▶ ACTION ITEM
The answer must be an exact transcription of the lines below from the first through the one containing "献立 豚バラ甘辛丼揚げ出し豆腐オクラの和え物味噌汁みかんゼリー", with the pictures left out; please add nothing else.

▶ SUPPLIED MATERIAL
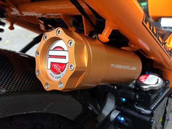 Không tiết lộ chi phí nhưng những món đồ hàng hiệu được gắn trên chiếc Honda Zoomer khiến nhiều dân chơi xe thích thú.
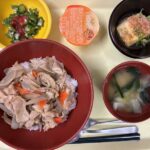 献立 豚バラ甘辛丼揚げ出し豆腐オクラの和え物味噌汁みかんゼリー
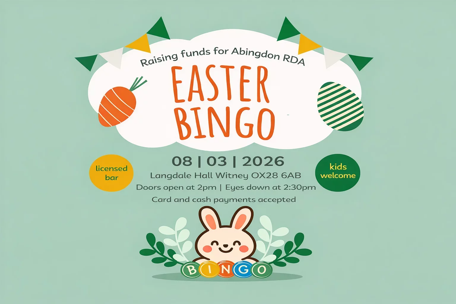 Join us for a fun-filled Easter Bingo afternoon in support of Abingdon RDA. A family-friendly event with prizes to be won, a licensed bar, and a warm community atmosphere — all while raising vital funds for a great cause.

▶ EXPECTED ANSWER
 Không tiết lộ chi phí nhưng những món đồ hàng hiệu được gắn trên chiếc Honda Zoomer khiến nhiều dân chơi xe thích thú.
 献立 豚バラ甘辛丼揚げ出し豆腐オクラの和え物味噌汁みかんゼリー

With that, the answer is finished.